Based on the transactional model of stress and coping [9], we assumed that not all medical students are equally vulnerable to developing depressive symptoms. According to this model [9], mental health can be understood as an interaction between the evaluation of external conditions (e.g., study conditions) and internal personal factors (e.g., available coping strategies). To date, few longitudinal studies have differentially examined changes in mental health. To the best of our knowledge, only one previous study has used person-centered methodology to investigate medical students’ varying mental health changes measured by depression during the course of their studies, as well as associated factors [10]. Person-centered approaches such as latent profile analysis are used to identify latent subgroups within a sample based on response behavior [11] and are considered beneficial for the design of preventive measures [12]. Unlike variable-centered approaches (i.e., correlation and regression analyses) that focus on the relationships between variables, person-centered methodologies consider individual differences. While the topic of physicians’ mental health has become part of international standards, there is still a poor understanding of how differential preventive measures might look like. Silva et al. [10] examined three patterns of depression development in medical students using the k-means clustering method: (1) students who did not develop any depression; (2) students with initial elevated depression values remaining persistent; and (3) students with initial elevated depression values experiencing recovery during medical school. The students in the persistent depression group tended to choose medical studies primarily because of expected income and prestige, whereas those in the recovery group chose medical studies because of their interest in the medical profession itself. These students experienced fewer learning problems and higher satisfaction with social activities.

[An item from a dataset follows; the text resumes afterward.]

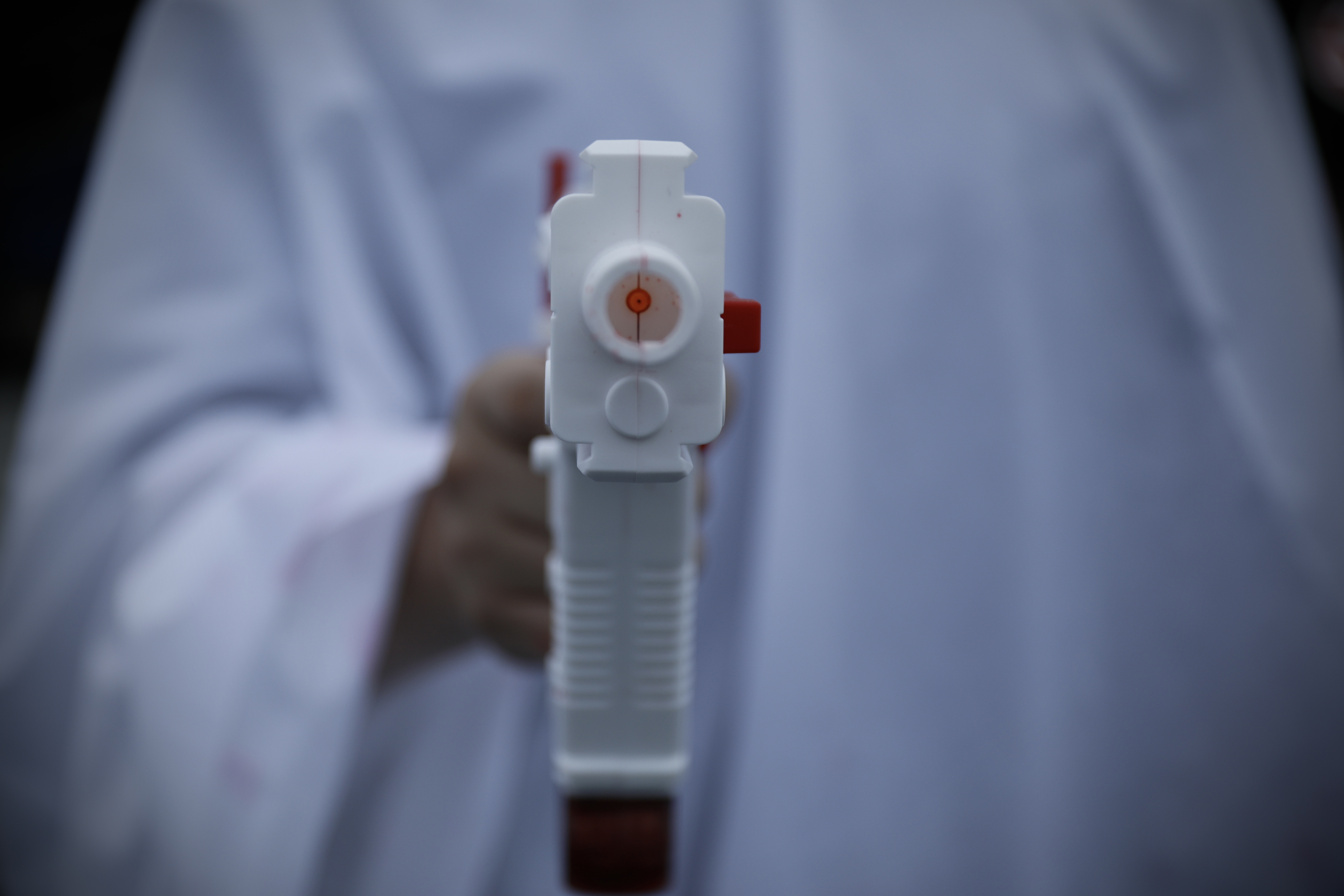 28 people stand in a circle to represent the 28-day menstrual cycle of women, each holding a water pistol.

Following this study, we were interested in exploring protective factors that could be promoted by medical schools. Previous studies have suggested that depression in general is associated with multiple demographic, social, and behavioral factors, such as age, economic situation, and family-related problems [13, 14]. Among university students, multiple academic factors can contribute to the development of depressive symptoms. A previous literature review found that such factors included false expectations regarding the curriculum and workload, high workload pressure (e.g., examinations), fear of poor grades, and unfavorable relationships with teachers [14]. There is mixed evidence on whether medical students are more affected by depression than their non-medical peers [15].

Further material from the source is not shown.